The third workshop: codebase governance
The last workshop explored how to govern the OpenZaak codebase in an open and collaborative way. Who decides what features should be developed, or when to release? Who approves pull requests and fixes?
The Foundation for Public Code created a draft GOVERNANCE.md file for OpenZaak before the consultation. We used the Governance Game to help visualise how governance as outlined in this file would work. We tested our governance model by introducing a number of scenarios. For instance “There is conflict about the implementation of a proposed feature,” or “There is an important security fix”.
The governance game helped participants practice governance instead of just talking about it. Instead of creating a highly detailed theoretical governance model, the focus was on the basic things you need to have in place to start working on the codebase together.

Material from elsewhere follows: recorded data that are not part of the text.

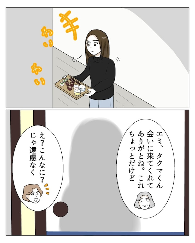 エミさんとタクマくんが毎週来る理由がここに隠されているようですね。お義母さんは会いに来てくれるのは嬉しいとは思いますが、一緒に住んでいる家族のことも考えないと溝はより深くなっていくでしょうね。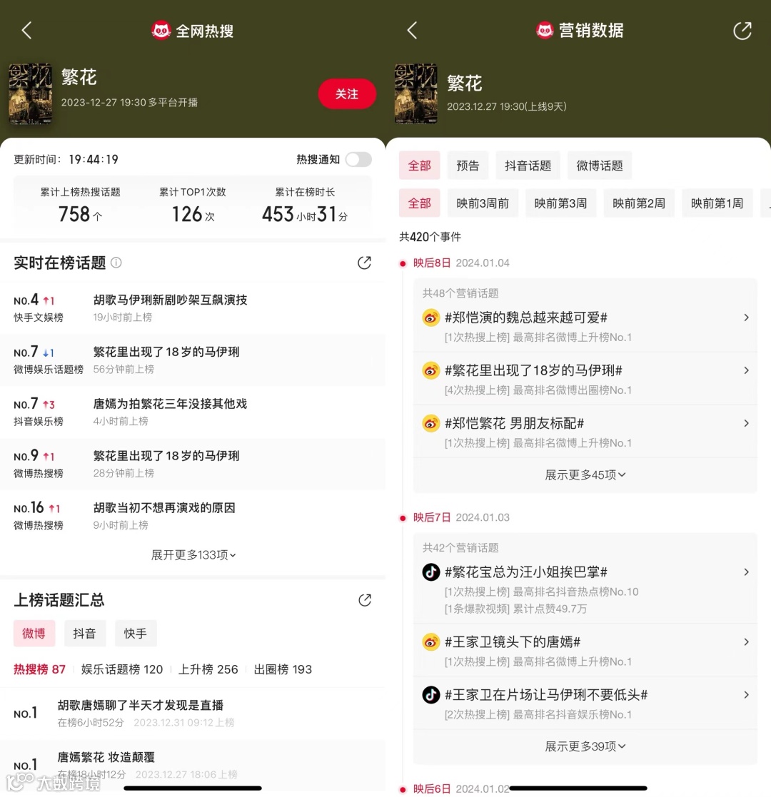 猫眼数据显示,截至今日(剧集上线9天),《繁花》共有420个营销事件,其中包括758条热搜,累计在榜时间453小时有余。可以用来对比的是,同平台播出的古偶剧《神隐》上线25天,目前共有644个营销事件,播得还不错的《我知道我爱你》仅有94个营销事件。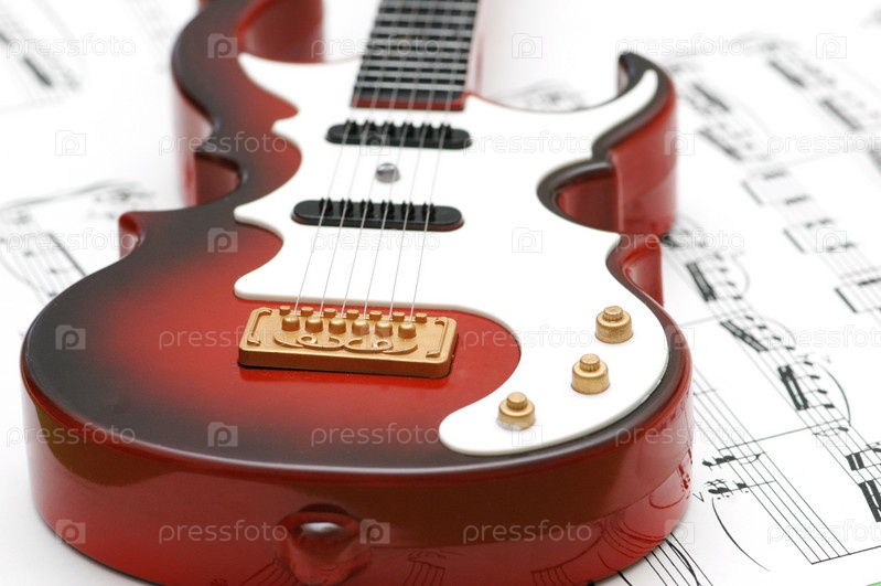 Гитара на нотном листе крупным планом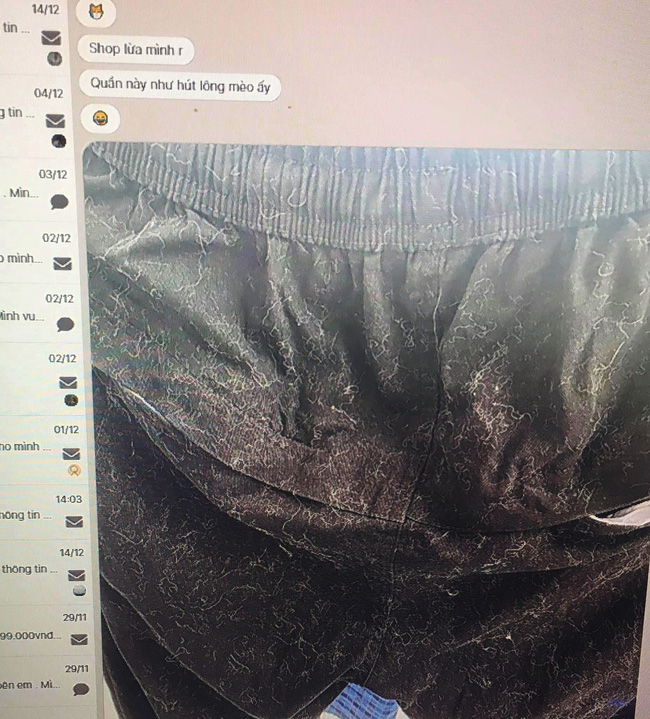 Câu chuyện trên được kể lại bởi một nhân viên trực shop bán quần áo. Trong khi đang trực tư vấn bán hàng online thì nhận được một tin nhắn phản hồi sản phầm khá giật mình. Vị khách nam đã la lên rằng "shop lừa đảo", trong lúc nhân viên đang bối rối thì anh chàng cũng nói luôn lý do. Hóa ra, sau khi mua chiếc quần dài màu đen của shop, về nhà hí hửng mặc lần đầu thì chàng trai ấy đã "ăn quả đắng" với một đống lông mèo dính chi chít trên quần!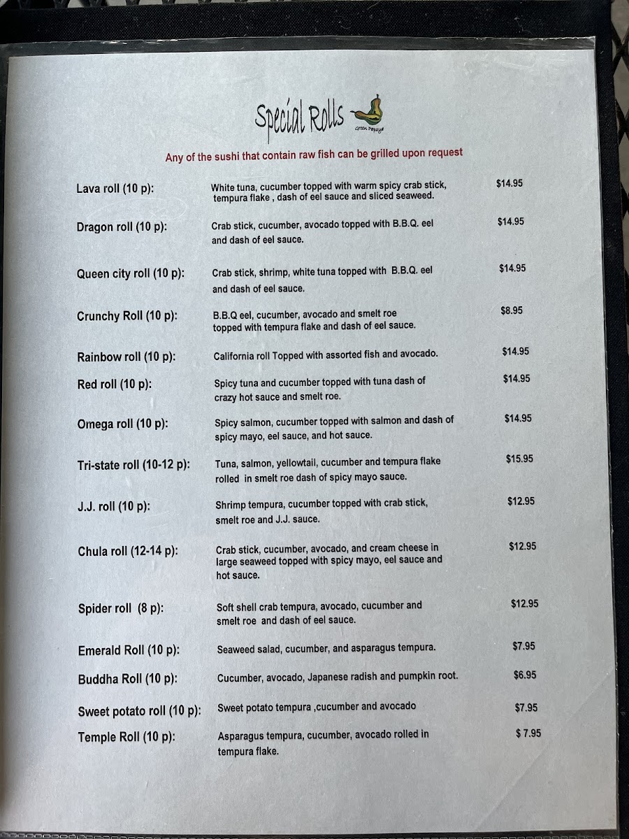 6 pieces of sushi, 5 pieces of sashimi, California roll or spicy tuna roll.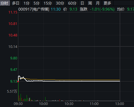 电广传媒今日披露2026年一季报,实现营业收入10.77亿元,同比增长16.73%,净利润亏损9265万元,同比由盈转亏。受此影响,电广传媒大幅低开并快速跌停。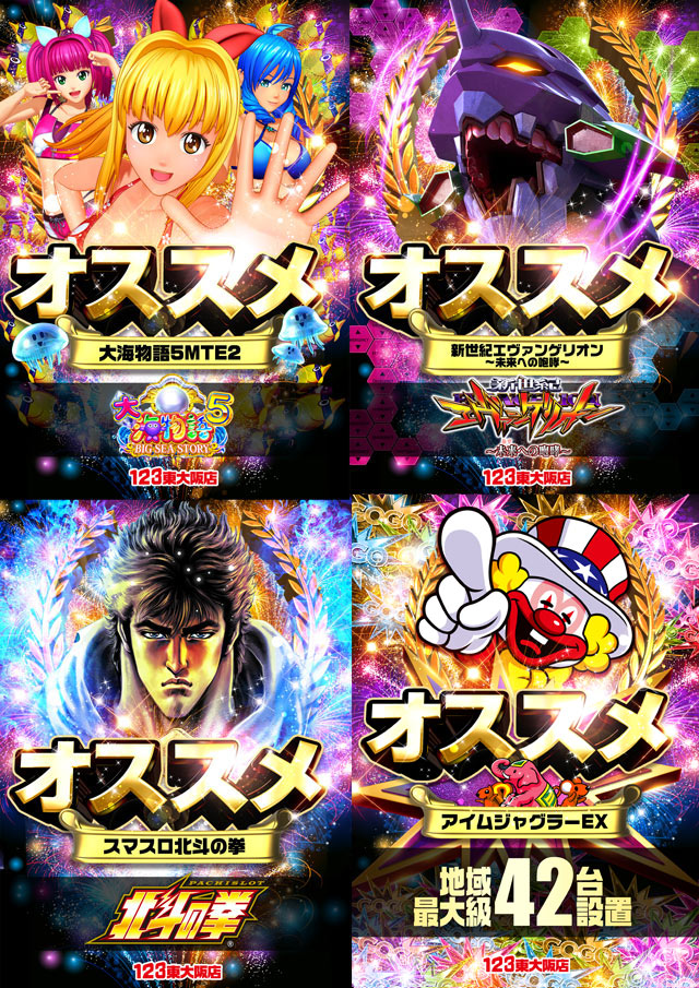 - [パチ] 4円:160台 1円:200台 計360台 [スロ] 1000円/46枚:215台 1000円/178枚:57台 計272台 [総台数]計632台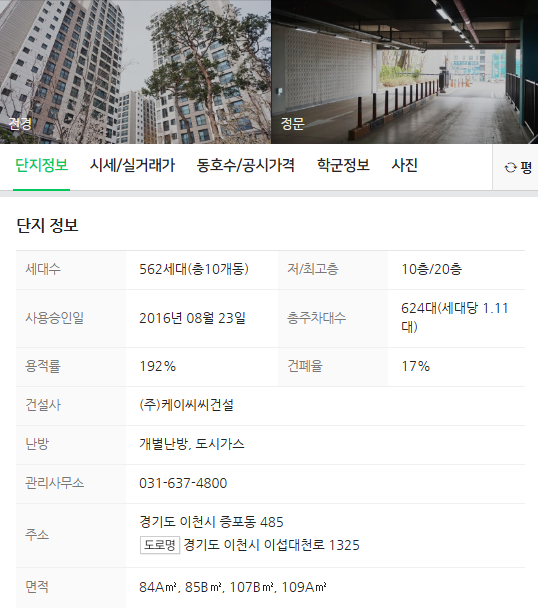 이천 증포동 KCC아파트 25편 매매물건입니다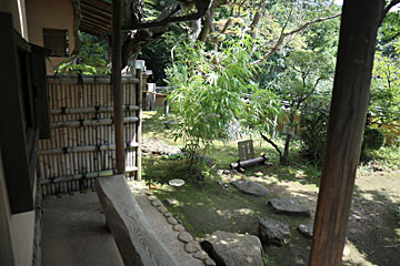 日本庭園内の書院で、冷水器の水を飲んで一休み。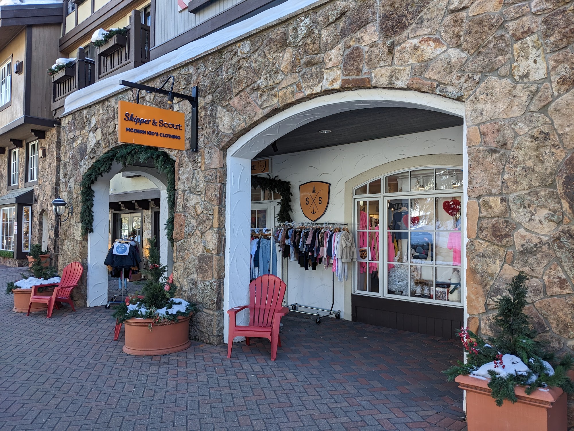Located in the heart of Vail Village, Skipper & Scout is more than just Vail's best kid's clothing boutique. It is a celebration of childhood with a handpicked selection of over 250 brands, including Aviator Nation, Moon Boot, and Rylee & Cru, for every occasion and every size from newborn to 16. The store offers the most adorable and unique children's clothing, accessories, some adult items, and beautiful gifts. The business is known for the best customer service. The owner and employees are incredibly personable, helpful, and bend over backwards to assist, making any process easy. They provide wonderful and highly recommended service. However, be prepared for astronomical prices and sticker shock, which some find an absolute fortune. For those looking to splurge on unique, high-quality, and incredibly cute designs, it is the place to go. Otherwise, it remains a great place for window shopping and a playful experience that delights children and parents alike.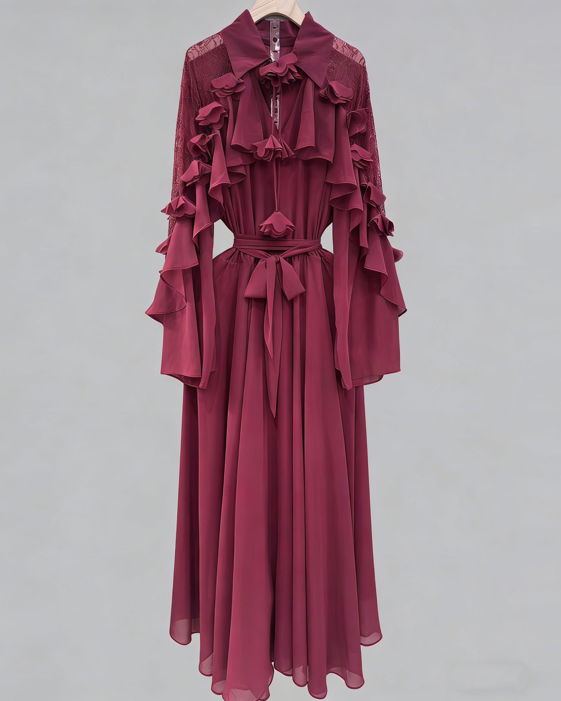Wine Red Shirt Collar Ruffled Shiny Maxi Dress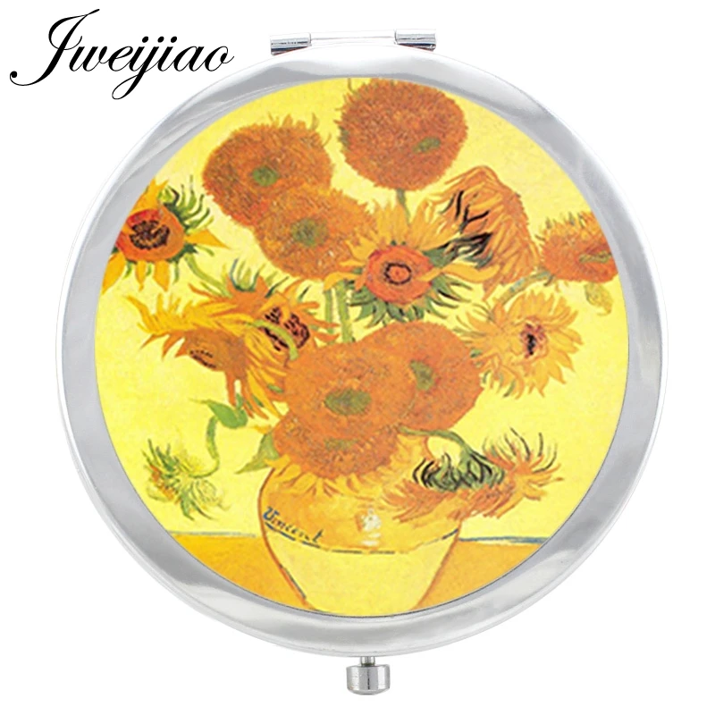 JWEIJIAO подсолнухи ван Гог картины стекло кабошон зеркало для макияжа увеличительное круглое компактное круглое карманное зеркало espejo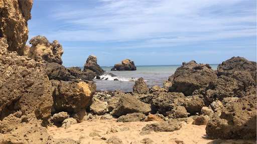 Praia dos Arrifes is a small exciting and cozy beach. There are a toilet facilities, lifeguard and a cozy cafe on site. There is free parking close by, almost all the way down to the beach. The beach is protected by 3 large rock formations which make the beach different from the other beaches in the area. I would recommend bringing your diving mask as this place is exciting to dive at. It is also possible to swim through the rock formations, however this is a bit dangerous, so do it only if you are a good swimmer. We would definitely recommend you to visit this...

My group had a lot of open source experience, and I was amazed at the speed and quality with which my group developed a mature and solid governance structure. Instead of trying to formalize everything in a governance structure, the group also discussed community dynamics - for example, having an open attitude towards parties joining and leaving, and making sure everyone has an equal voice. I was (pleasantly!) surprised by how much time they spent on making sure community changes and decisions could be socialized and shared within the community while staying flexible and agile.
At the end, we asked everyone to either write issues on a sticky note or make issues on the governance file in the OpenZaak repository. I didn’t expect anyone to use Github, but 10 minutes after the workshop a number of issues were created in the OpenZaak repository.
The value of codebase stewardship
I really enjoyed helping design and facilitate the workshops. As a new codebase steward, I discovered my experience as software vendor and open source enthusiast helped directly with creating a collaborative and open discussion. Not being part of the actual contents of the discussion allowed me to focus on the process and flow, and ask the group questions to check that there was a common understanding. It allowed me to really listen to everyone and soak everything up. This will be invaluable as a neutral champion for the codebase as OpenZaak goes into production and its community grows.
Conclusion
It was great to see so many vendors put their time and energy into participating in the workshops. The discussions were open and constructive and everyone was able to express their ideas and concerns. Although everyone had a different perspective on the various subjects, people came closer together and realized that we share more than we might have thought at the beginning. What better way to start working together: being part of the OpenZaak community!